Everything from the line that contains "Μαζί στην κηδεία" through the last line below should be transcribed exactly, except the pictures.

─── Information supplied

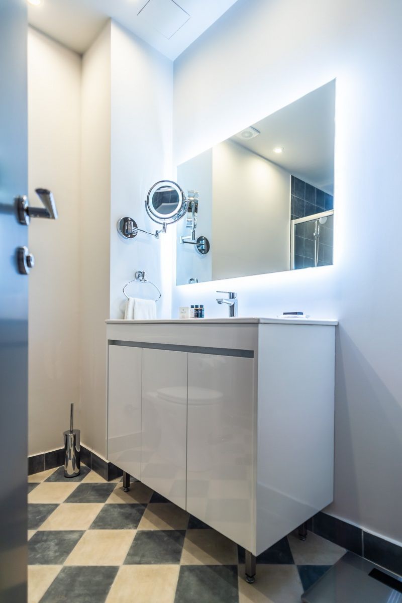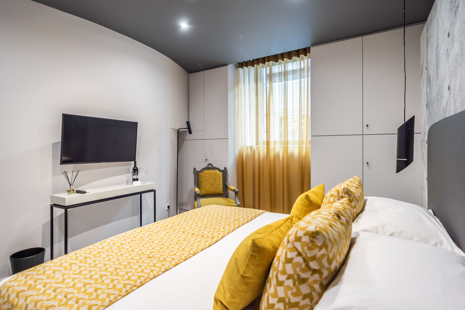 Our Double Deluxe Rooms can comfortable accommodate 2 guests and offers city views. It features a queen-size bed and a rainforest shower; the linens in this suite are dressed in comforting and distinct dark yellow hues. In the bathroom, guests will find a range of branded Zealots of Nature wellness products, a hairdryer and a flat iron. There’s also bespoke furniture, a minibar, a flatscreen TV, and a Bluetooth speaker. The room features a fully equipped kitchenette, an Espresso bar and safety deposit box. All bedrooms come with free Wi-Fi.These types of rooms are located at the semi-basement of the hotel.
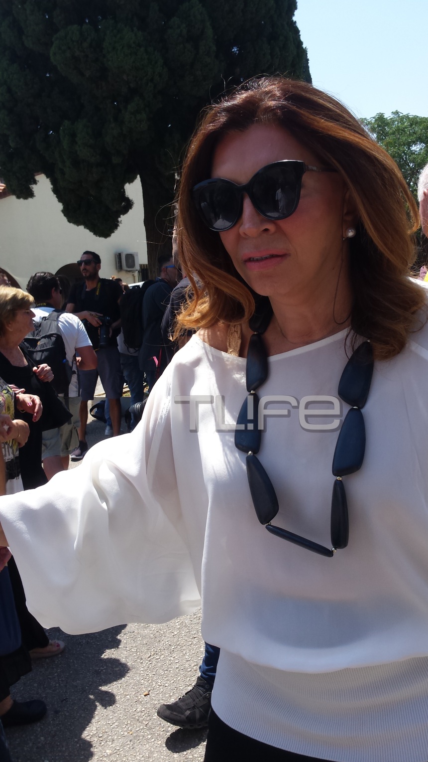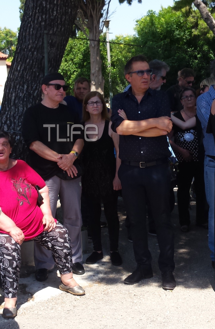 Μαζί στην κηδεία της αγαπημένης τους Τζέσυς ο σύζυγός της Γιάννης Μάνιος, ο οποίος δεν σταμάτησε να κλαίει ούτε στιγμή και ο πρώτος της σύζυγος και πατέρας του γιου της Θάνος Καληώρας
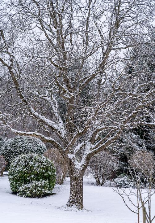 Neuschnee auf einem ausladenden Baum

──────

▸ Task output
 Μαζί στην κηδεία της αγαπημένης τους Τζέσυς ο σύζυγός της Γιάννης Μάνιος, ο οποίος δεν σταμάτησε να κλαίει ούτε στιγμή και ο πρώτος της σύζυγος και πατέρας του γιου της Θάνος Καληώρας
 Neuschnee auf einem ausladenden Baum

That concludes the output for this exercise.